→ What you should do
Look through the listing below for the line with "2025년 12월 아반떼 신차가격표" and the line with "LOVE | Colar". Copy both, along with every line between them, exactly and with no pictures.

___ Listed entries

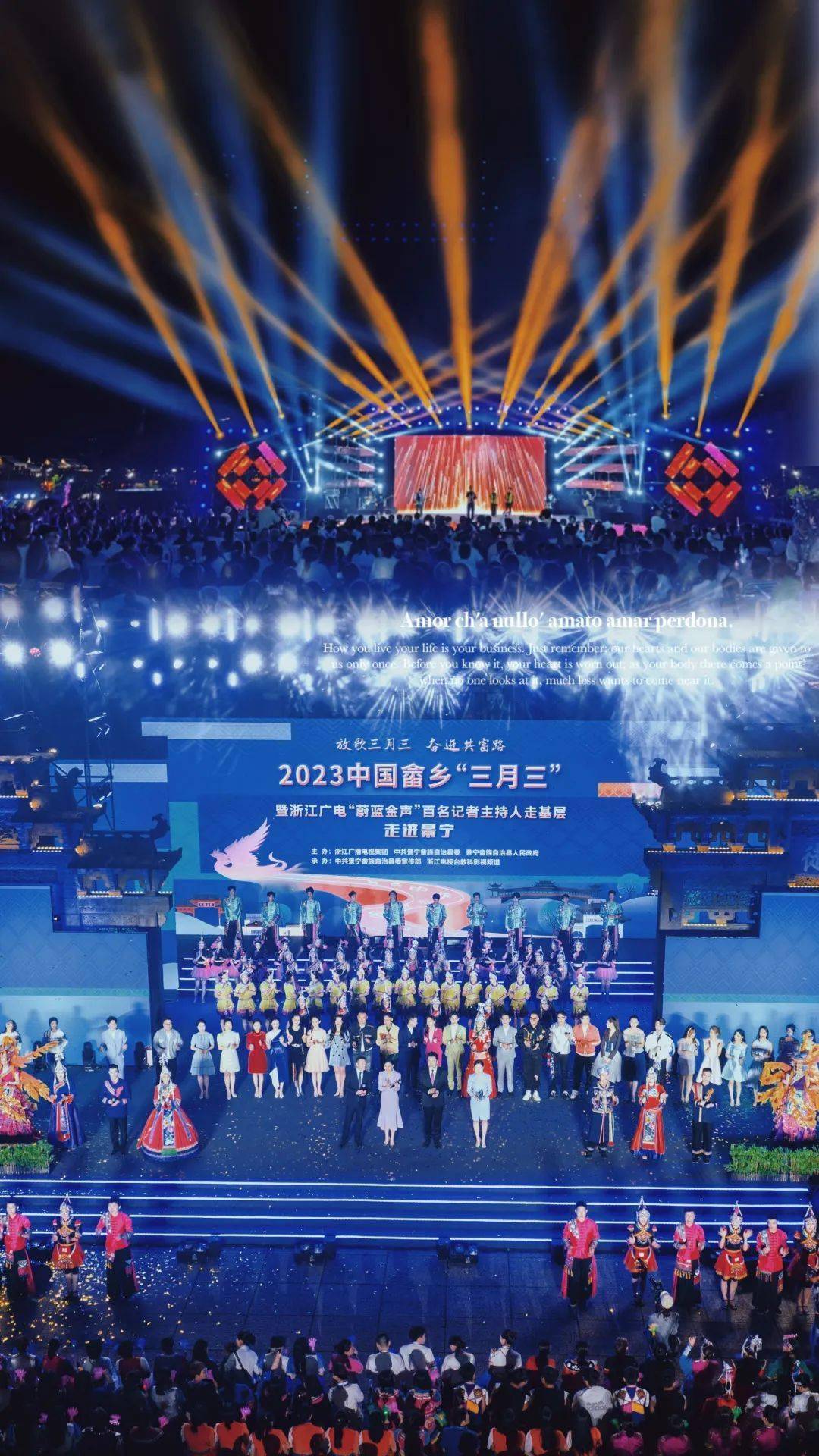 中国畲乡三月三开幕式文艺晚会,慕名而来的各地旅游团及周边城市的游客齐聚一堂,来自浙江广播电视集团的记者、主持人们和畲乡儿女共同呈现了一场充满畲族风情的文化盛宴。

______
___ Listed entries

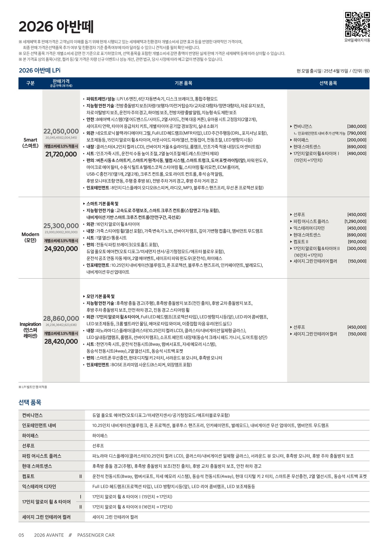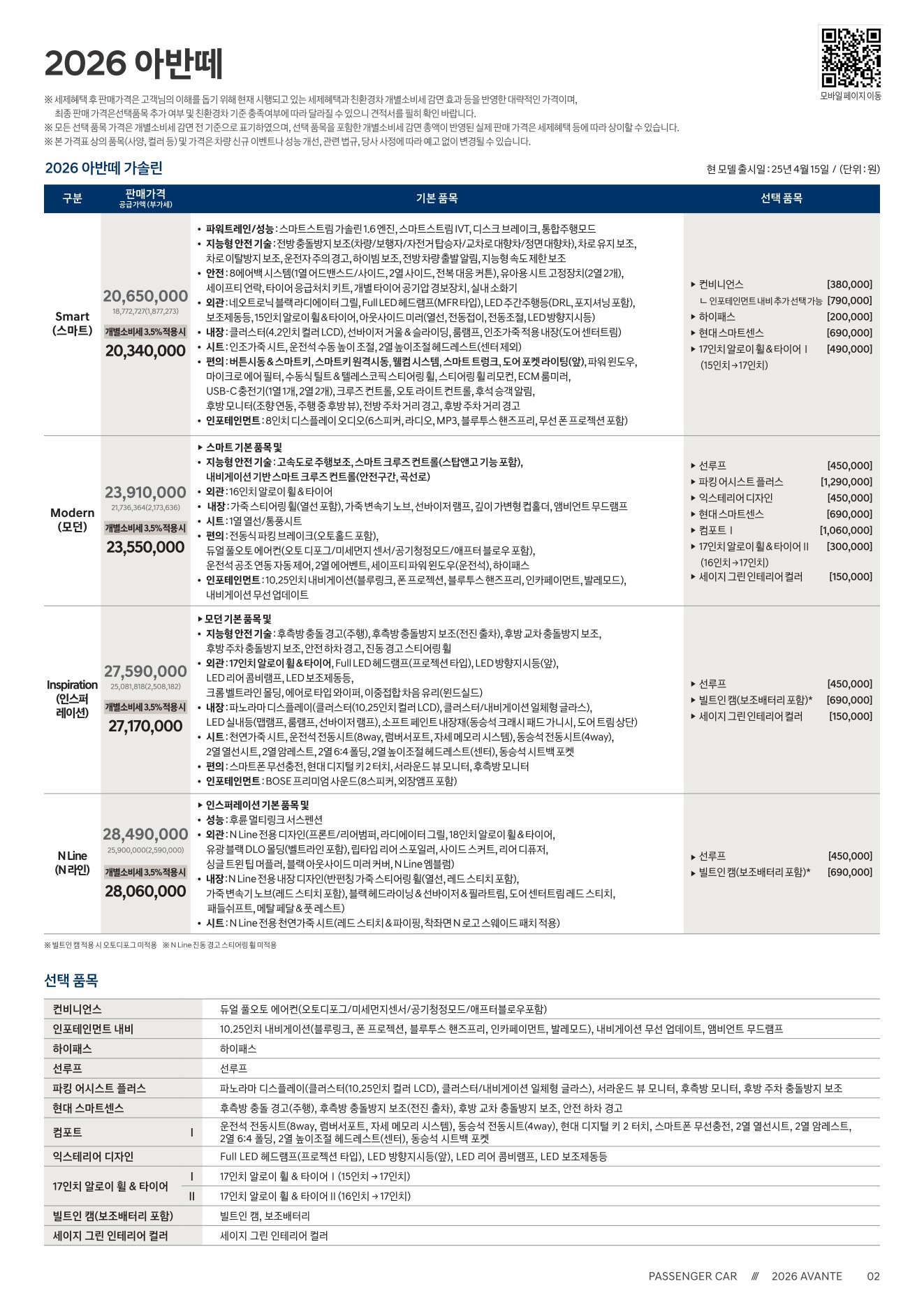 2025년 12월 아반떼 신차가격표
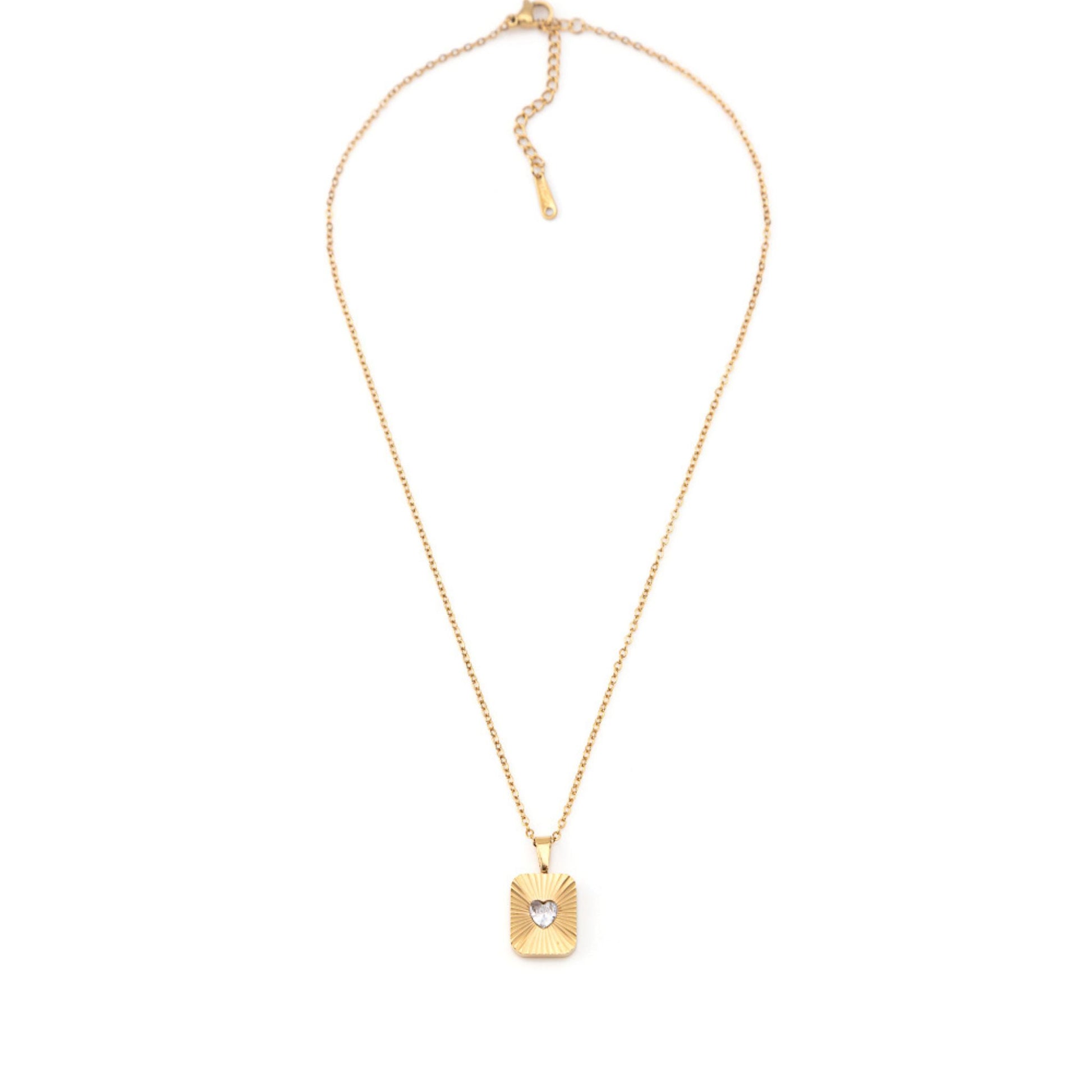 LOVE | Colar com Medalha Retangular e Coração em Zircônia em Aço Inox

______

→ Answer area
 2025년 12월 아반떼 신차가격표
 LOVE | Colar com Medalha Retangular e Coração em Zircônia em Aço Inox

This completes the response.